High-Sensitivity Quantitation of Nitrosamine Impurities and NDSRI in Drug Substances and Products Using LC-MS/MS

Published on: 

Webcasts

Webinar Date/Time: Wed, Dec 11, 2024 11:00 AM EST

In this presentation, we will cover the accurate determination and quantitation of nitrosamine impurities and NDSRIs in drug substances and products using LC-MS/MS based analytical strategies that can readily be adopted.

Register Free: https://www.chromatographyonline.com/lcgc_w/nitrosamine-impurities

Event Overview:

Nitrosamine impurities are classified as “cohort of concern” per ICH-M7 guidelines. There have been numerous drug recalls since 2018 including several sartan, ranitidine and metformin, varenicline-based drugs due to the presence of unacceptable levels of nitrosamines. Since then, nitrosamines and more recently, nitroso drug substance related impurity (NDSRIs) contamination in drugs is of increased concern by regulators as these poses significant risk to human health. According to the recent guidance published by both the FDA and EMA, nitrosamines and NDSRIs must be monitored at the low ng/mL using highly sensitive analytical methodologies. LC/MS/MS is inherently a selective and sensitive analytical technique that is well-suited for identification and quantification of nitrosamines at very low levels.

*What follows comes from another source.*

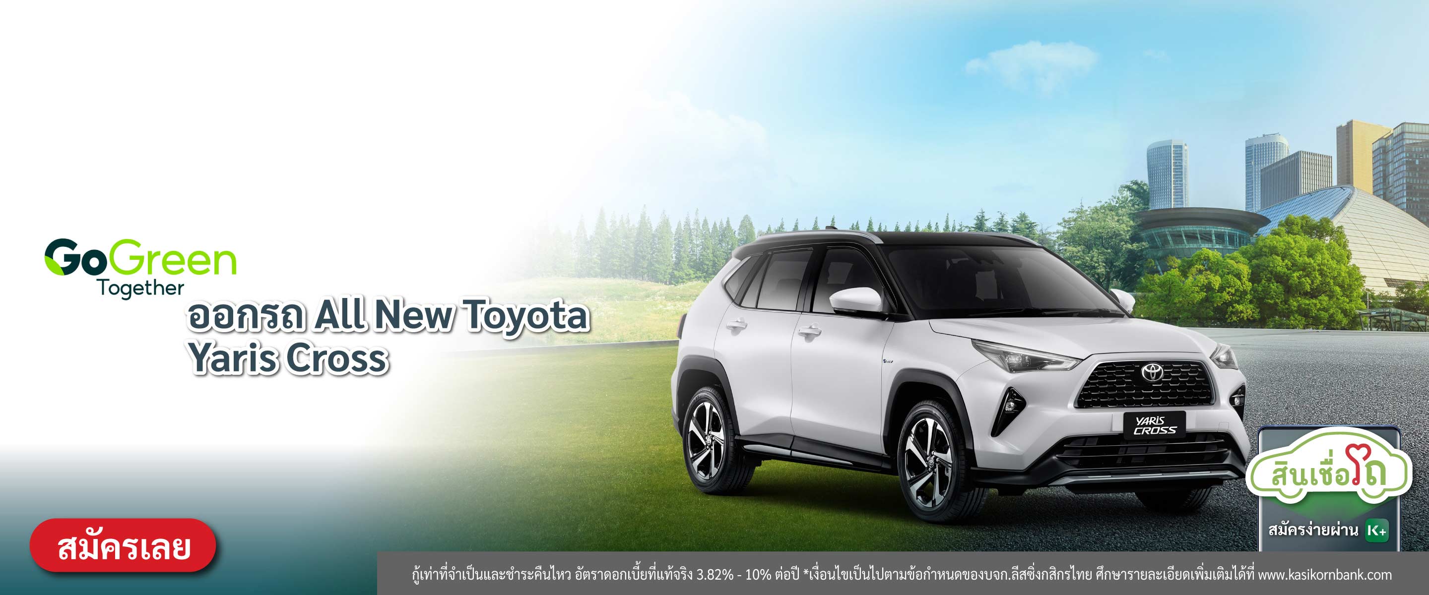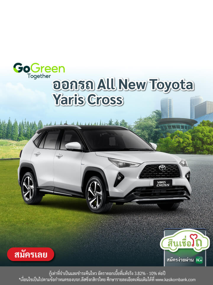 สำหรับลูกค้าที่สนใจสมัครสินเชื่อ (รถใหม่) ผ่านช่องทาง K EV Shop กับ บริษัท ลีสซิ่งกสิกรไทย จำกัด ยี่ห้อ TOYOTA รุ่น Yaris cross Hybrid
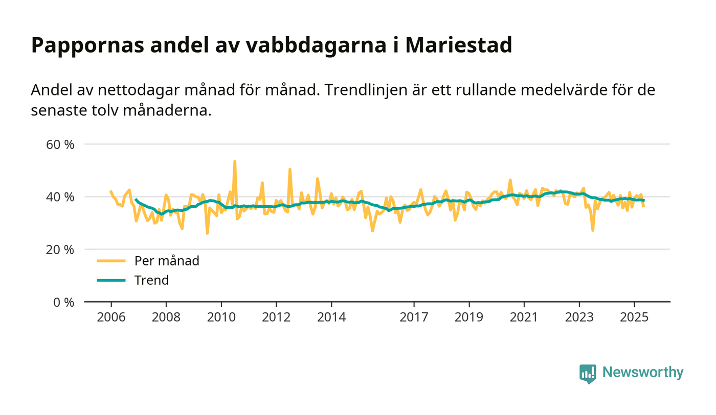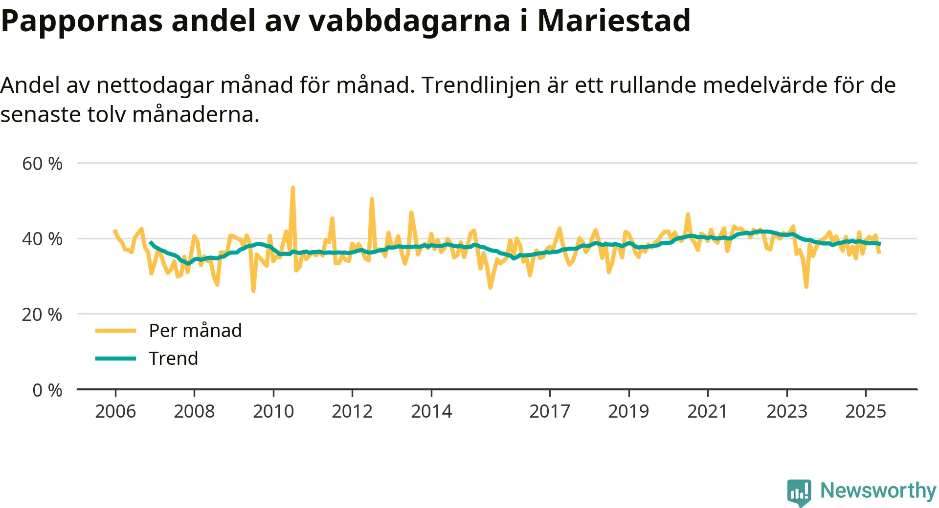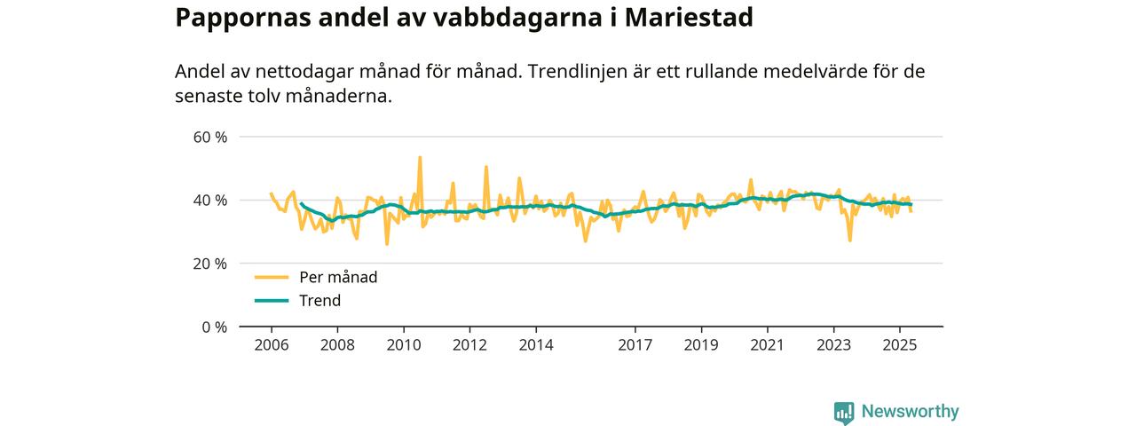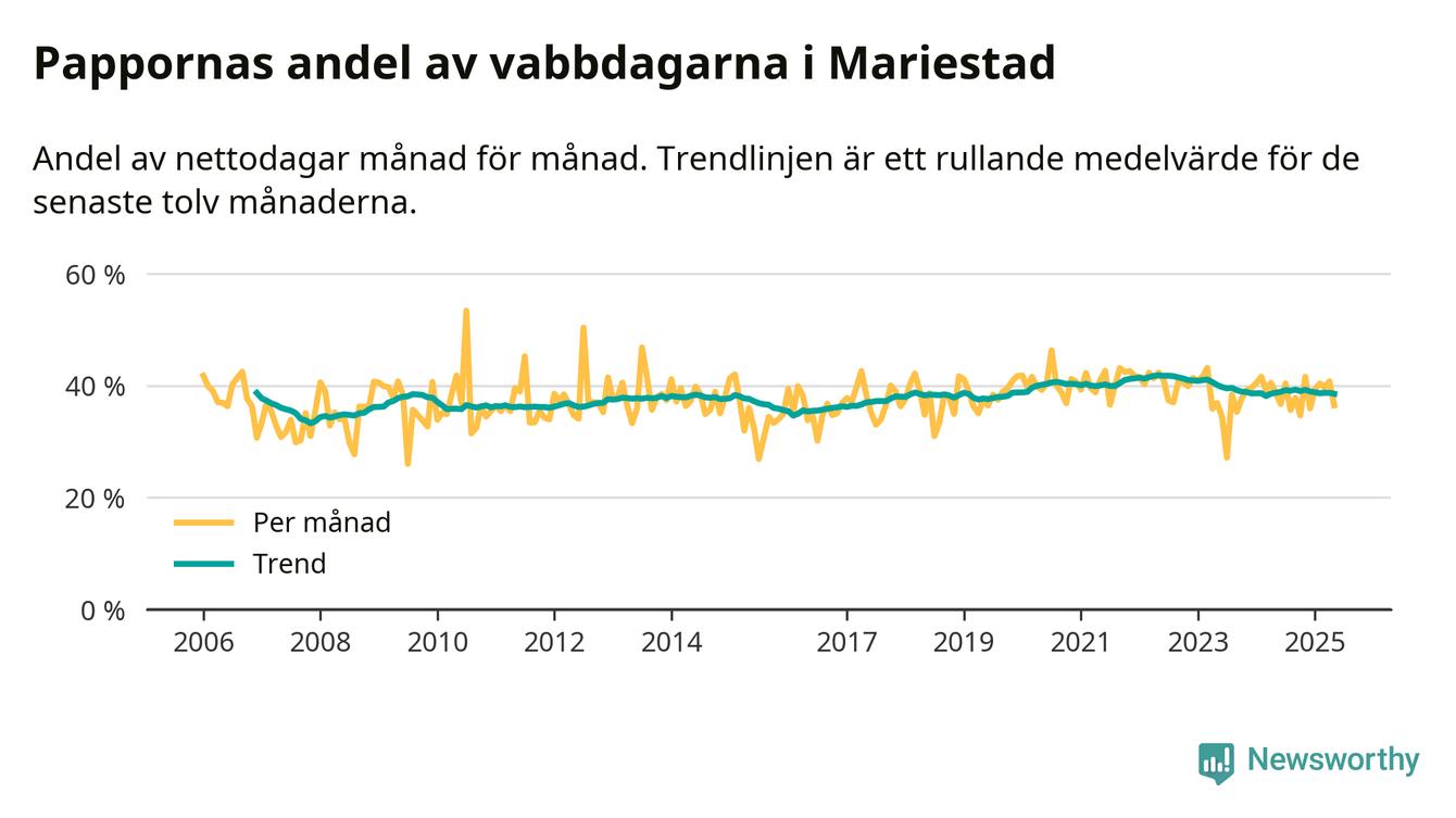 Mariestad ligger en bit från ett jämställt uttag. Under de senaste tolv månaderna har männen stått för 39 procent av all vabb i kommunen. Pappornas uttag peakade våren 2022 då kommunens fäder var uppe i 42 procent av vabbdagarna 1.

In this presentation, we will cover the accurate determination and quantitation of nitrosamine impurities and NDSRIs in drug substances and products using LC-MS/MS based analytical strategies that can readily be adopted.


Key Learning Objectives:

  • Understand what mutagenic impurities are and the importance of characterization and quantitation.
  • Learn about an improved Multi Residue Method for comprehensive analysis of 8 nitrosamines in losartan drug product using the Agilent 6495LC/TQ system.
  • Learn about a sensitive and robust Multi Residue Method to quantify NDSRIs in various drug substances and products using the Agilent 6475 and 6495 LC/TQ systems.

Who Should Attend:

  • Laboratory managers
  • Chromatographers
  • Analytical chemists and scientists
  • New product developers
  • Pharma manufacturing and quality control managers

Speakers

Lee Bertram

Application Development Engineer
Agilent Technologies

Lee is an application scientist at Agilent with a focus on development of methods for LC/SQ, LC/TQ and LC/Q-TOF within the pharmaceutical products. He has over 10 years of method development experience ranging from large/small molecule pharmaceutics to cellular metabolomics method development.

Prasanth Joseph
Application Engineer
Agilent Technologies

Prasanth Joseph joined in Agilent in 2015 as application Engineer for LC-MS/MS and has 20 years of experience in the analytical instrumentation industry, specialized in small molecule applications. Prasanth received his master’s degree from Cochin University of Science and Technology and a Ph.D. in Environmental Science from Bharathiar University, India. He also has master’s degree in business administration from the University of Buckingham, UK.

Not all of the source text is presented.